### What is being asked:
Starting with the first line of the material, reproduce exactly each line up to and including the one that contains "Nova Scotia Archives", leaving out every picture.

··· Data to examine

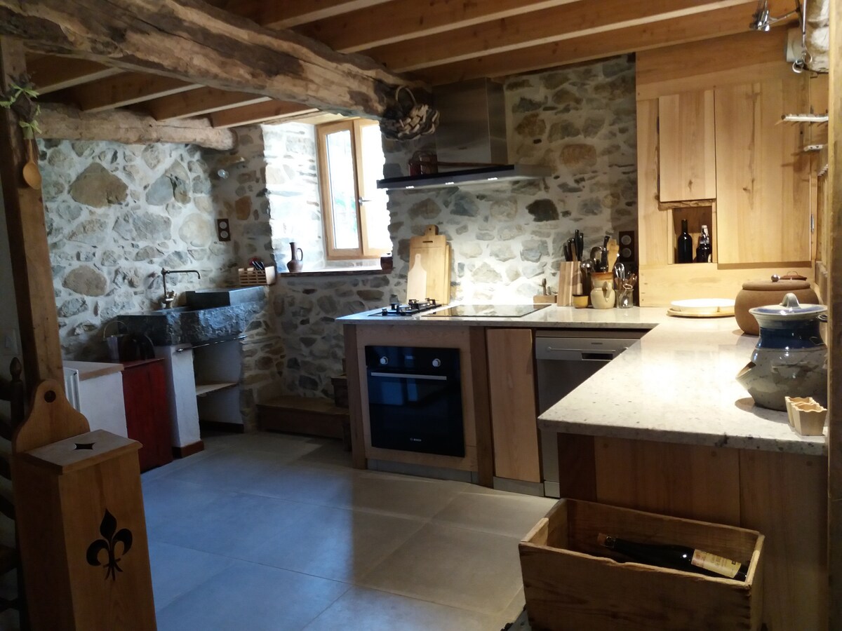 1 km fra Luchon, i hjertet av den lille pastorale landsbyen Montauban-de-Luchon, ligger en 76m2 stor låve renovert i "fjellånd" helt i tre, med en 35m2 stue åpen mot den hundreårige kastanjetreet og Superbagnères-fjellene. To soverom, et bad, et separat toalett, en privat hage, veldig komfortabel og full av sjarm for en flott ferie i fjellet i nærheten av skianleggene, den spanske grensen og de vakreste turene i Pyreneene.
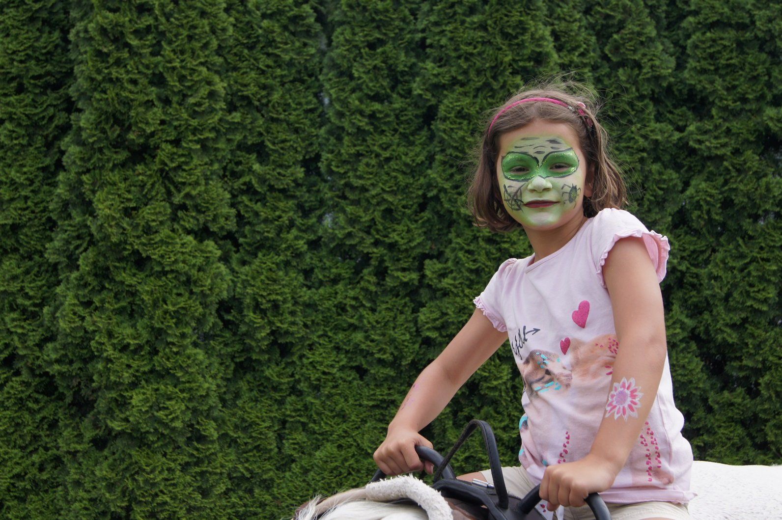 Mit einem grünen Gesicht wagt auch Hannah eine Runde.
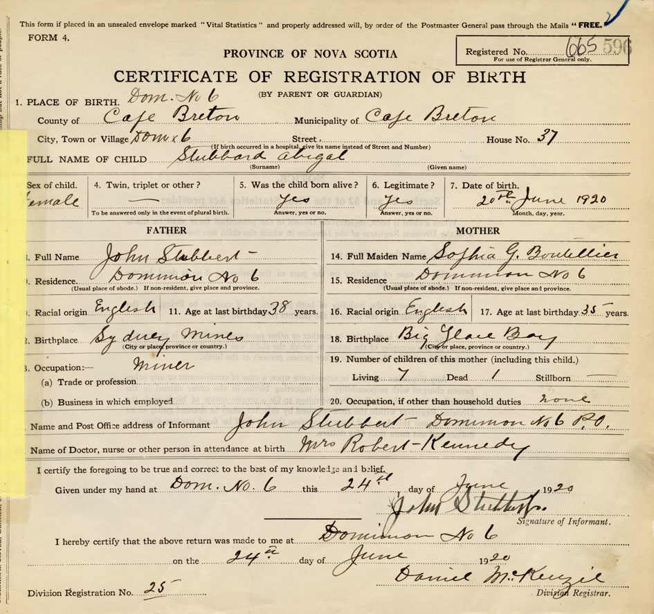 Nova Scotia Archives — https://archives.novascotia.ca/vital-statistics/birth/?ID=395275
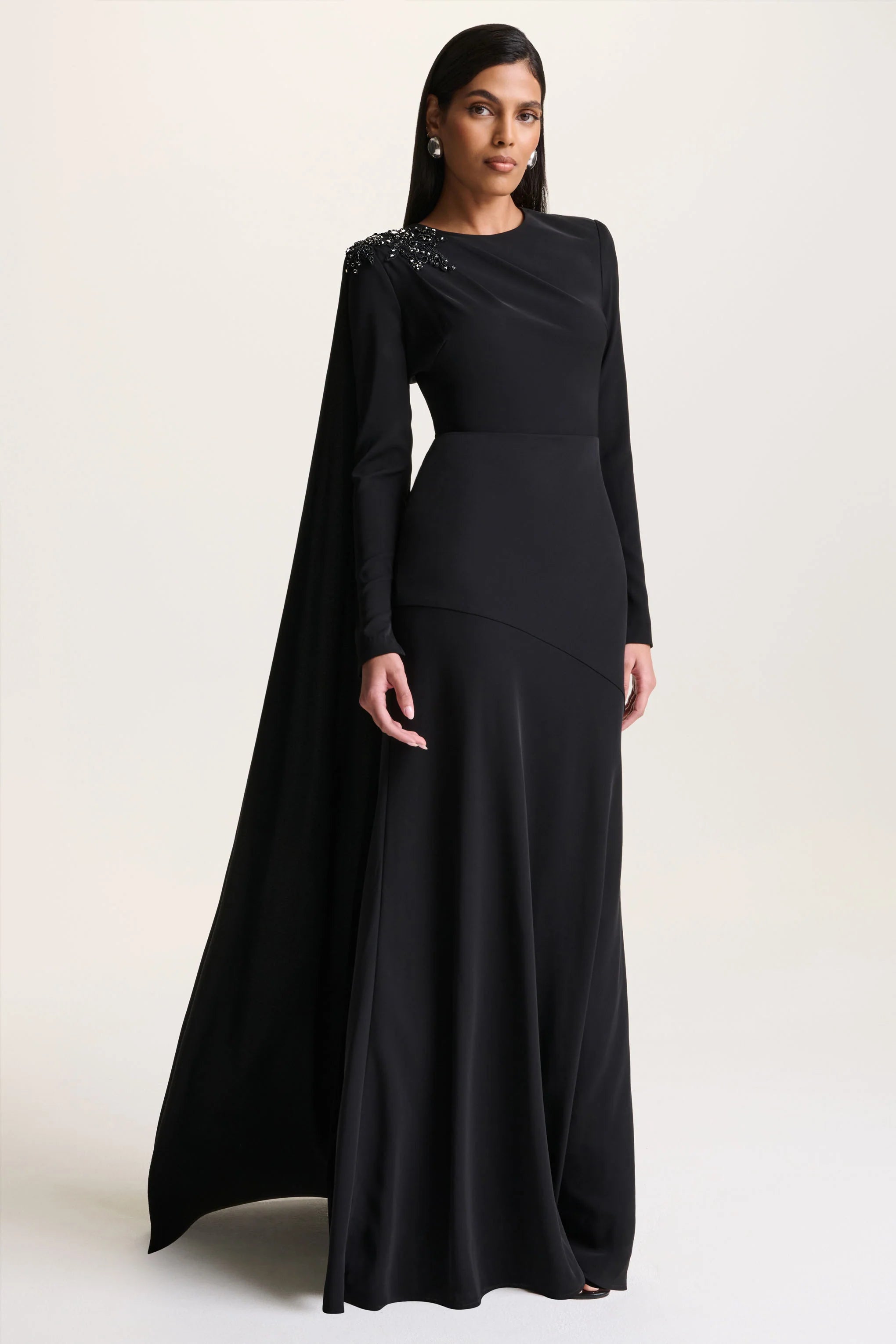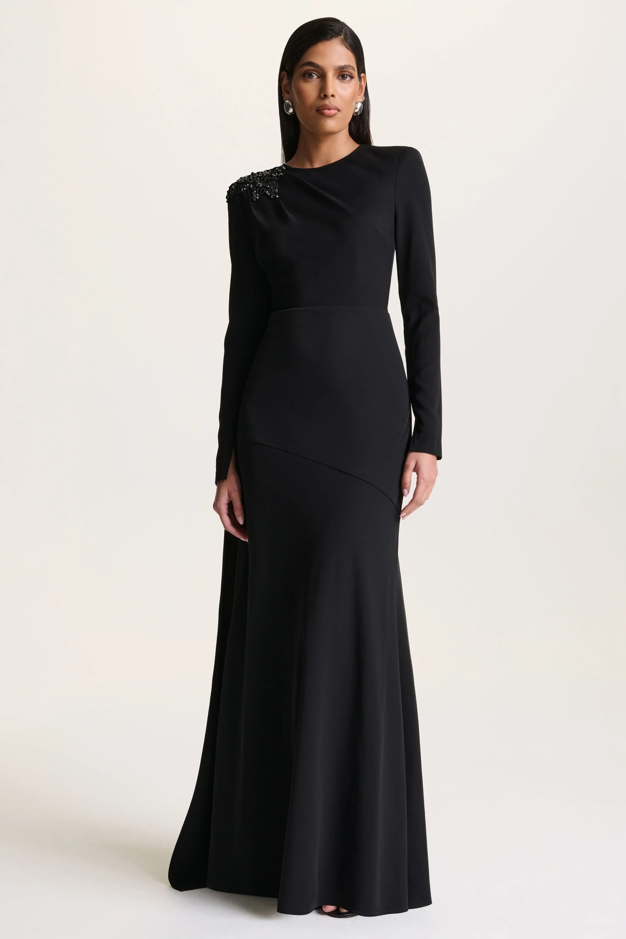 Turn heads effortlessly in Reese, a masterclass in modern elegance. Crafted from our premium crepe, this sleek black silhouette boasts a high neckline and delicate hand-embellished shoulder detailing, adding just the right hint of sparkle. The back-sash detail drapes beautifully, creating a flattering, feminine shape, while the ruffled hemline introduces playful movement to every step. Designed for statement-making moments, Reese your go-to for nights that demand glamour.
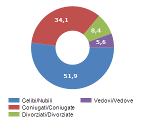 Famiglie residenti e relativo trend, numero di componenti medi della famiglia e relativo trend, stato civile: celibi/nubili, coniugati/e, divorziati/e, vedovi/e nel
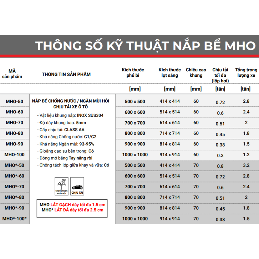 Cấp chịu tải CLASS A (ZAVAK): 0.51 tấn/nắp, chịu tải cho xe 2 tấn.
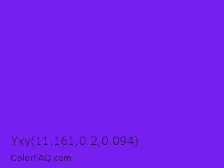 Yxy 11.161,0.2,0.094 Color is a normal violet color and the nearest color is Blue Violet #8a2be2. Hex code #761ff1 and RGB value is rgb(118,31,241). In RGB color space, this color is composed of 46% red, 12% green, 95% blue, In CMYK color space, this color is composed of 51% cyan, 87% magenta, 0% yellow , 5% black , In HSL color space, this color has a hue angle of 265° , 88% saturation and 53% lightness.
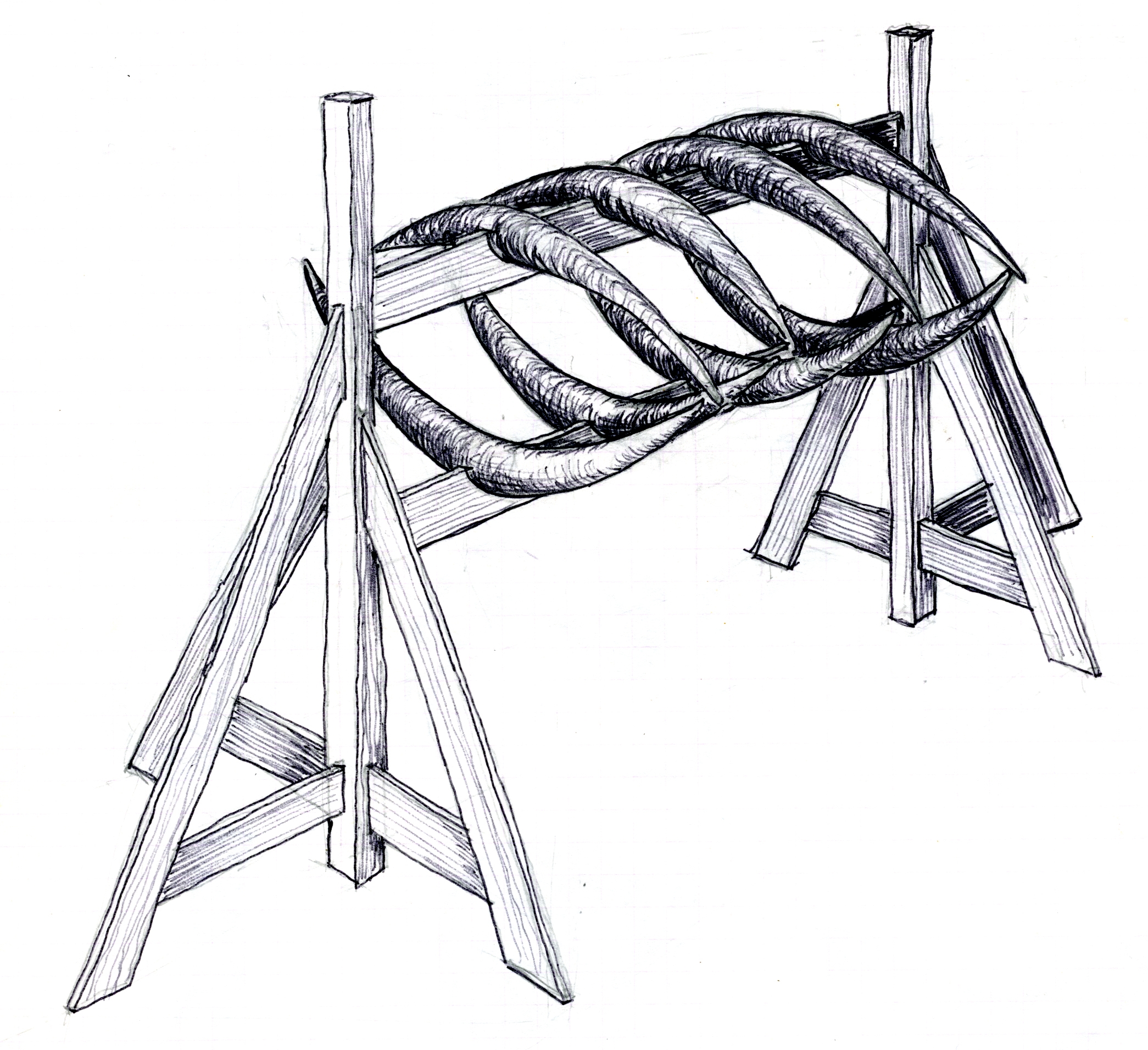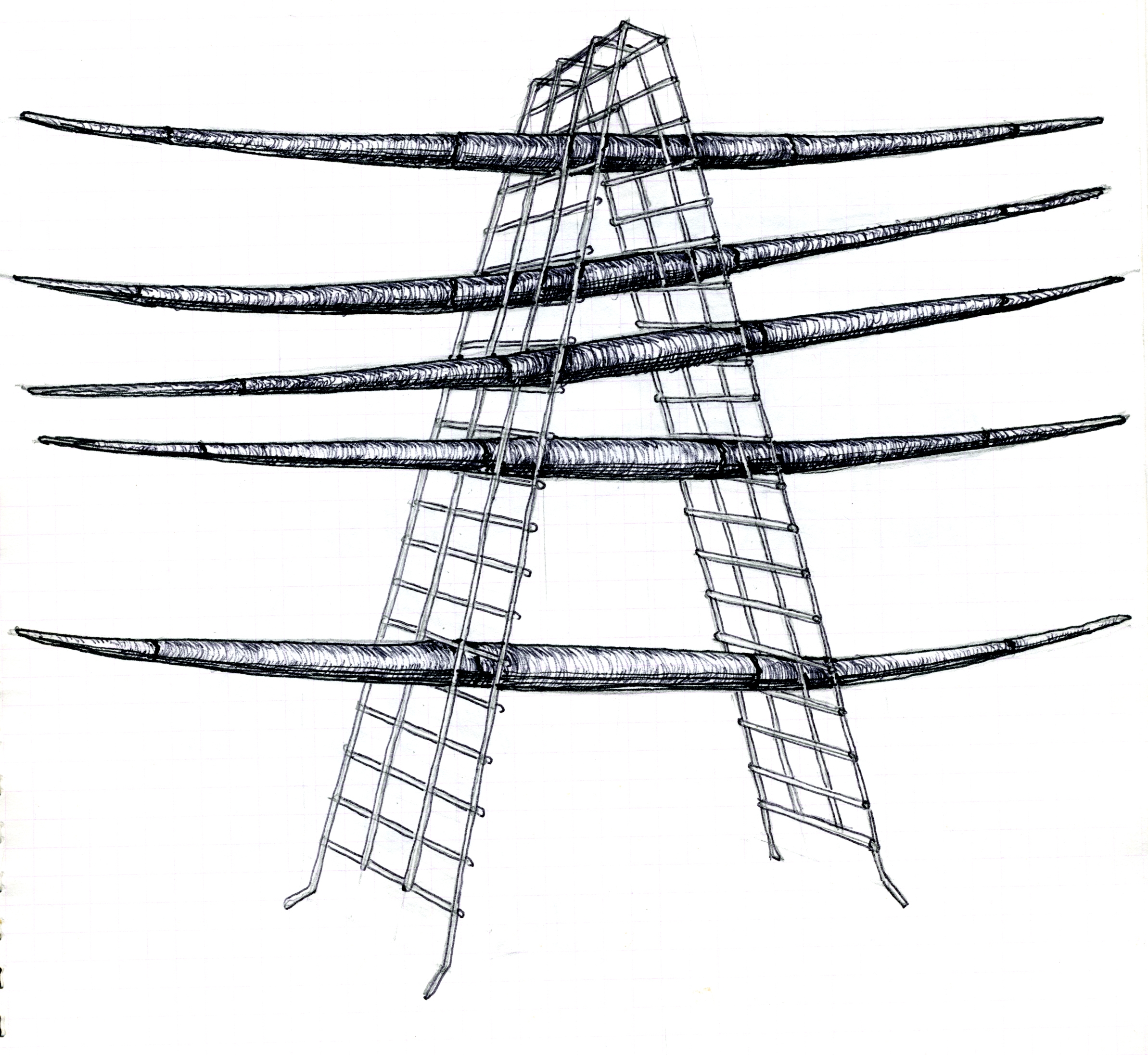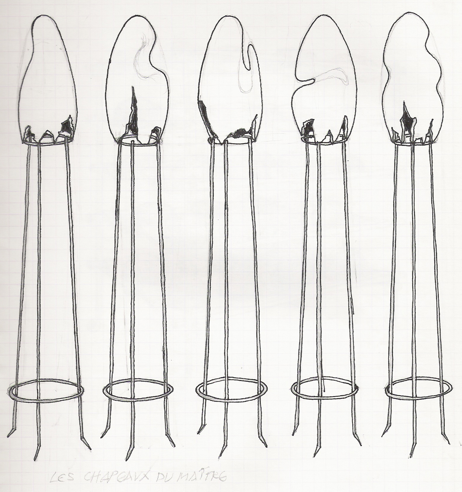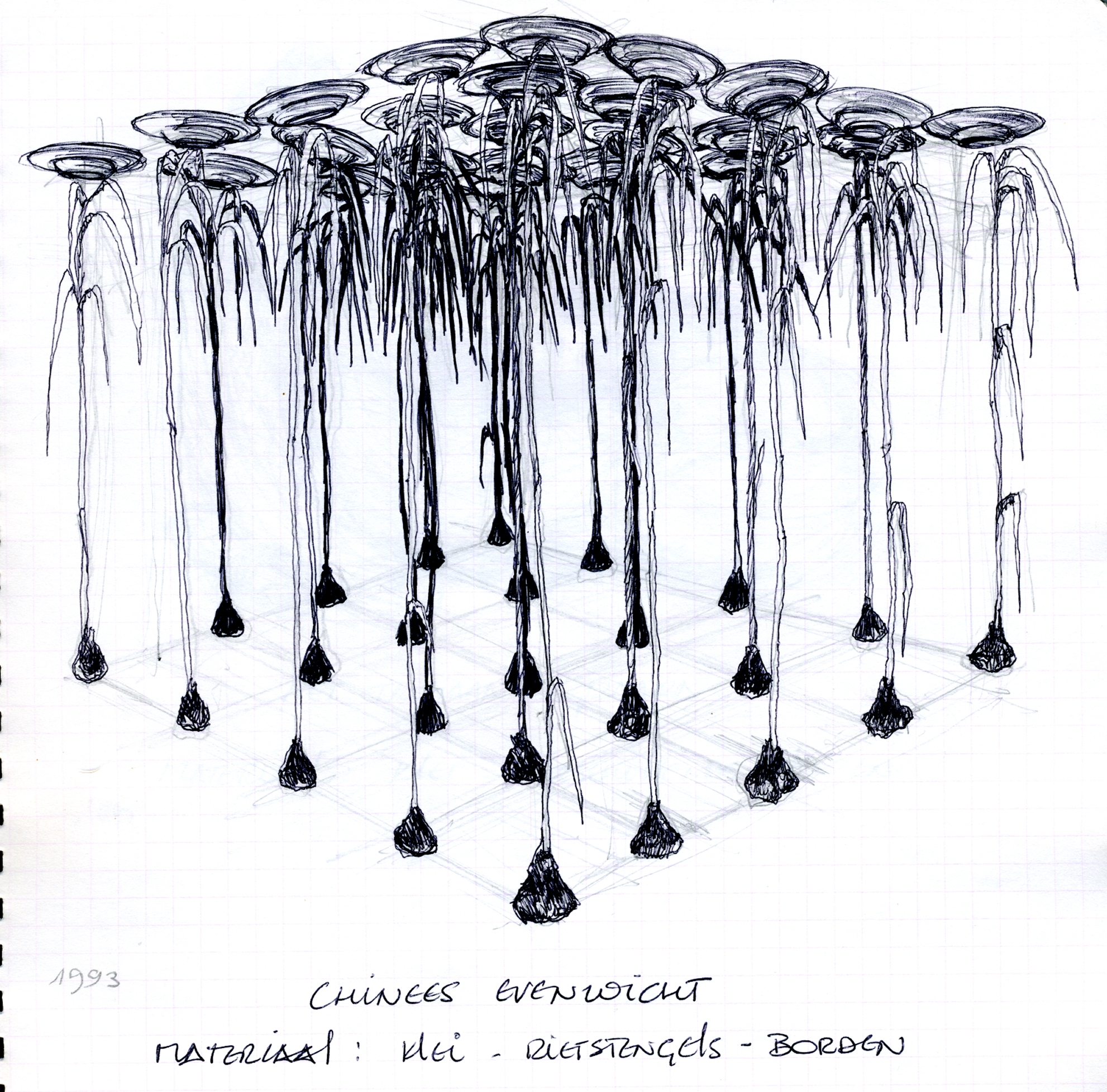 Tekeningen met balpen in een schriftje. Het zijn gewoon hersenspinsels die als voorontwerpen kunnen dienen. Veel ideeën zijn evenwel niet uitgevoerd. Enkele deelelementen krijgen hun beslag soms wel terug vinden in een ander project.
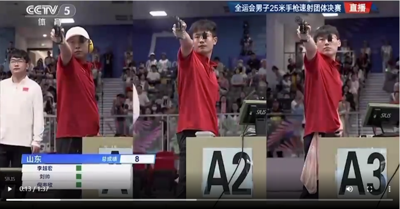 在男子25米手枪速射团体资格赛中,李越宏领衔山东队以1749环的成绩排名第一,与陕西队争夺金牌。决赛过程中,山东队率先得2分,并在2平之后将比分扩大到6比2。随后陕西队连续得分,双方8比8打平。关键时刻,山东顶队住压力以10比8战胜对手拿下金牌。
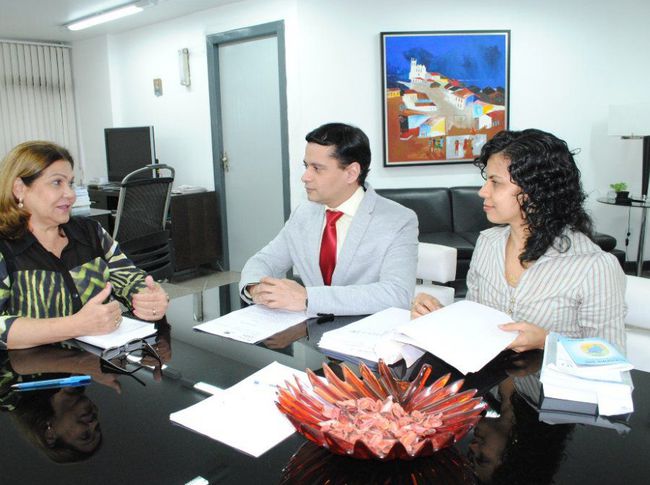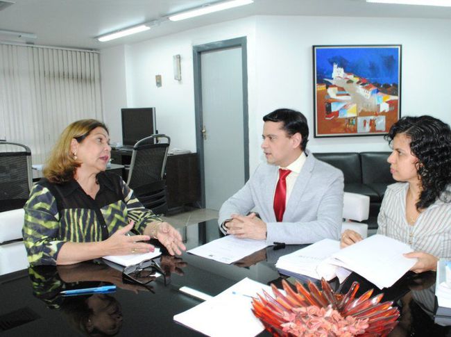 O defensor geral do Estado, Aldy Mello Filho, e a procuradora geral do Estado, Helena Haickel, estiveram reunidos na sede da Procuradoria Geral do Estado (PGE), na última quarta-feira (28), para discutir projeto de lei que trata da readequação funcional dos servidores da DPE. Também participou do encontro a procuradora do Estado Gabriela Abdala.

······

### Reply to the exercise:
 1 km fra Luchon, i hjertet av den lille pastorale landsbyen Montauban-de-Luchon, ligger en 76m2 stor låve renovert i "fjellånd" helt i tre, med en 35m2 stue åpen mot den hundreårige kastanjetreet og Superbagnères-fjellene. To soverom, et bad, et separat toalett, en privat hage, veldig komfortabel og full av sjarm for en flott ferie i fjellet i nærheten av skianleggene, den spanske grensen og de vakreste turene i Pyreneene.
 Mit einem grünen Gesicht wagt auch Hannah eine Runde.
 Nova Scotia Archives — https://archives.novascotia.ca/vital-statistics/birth/?ID=395275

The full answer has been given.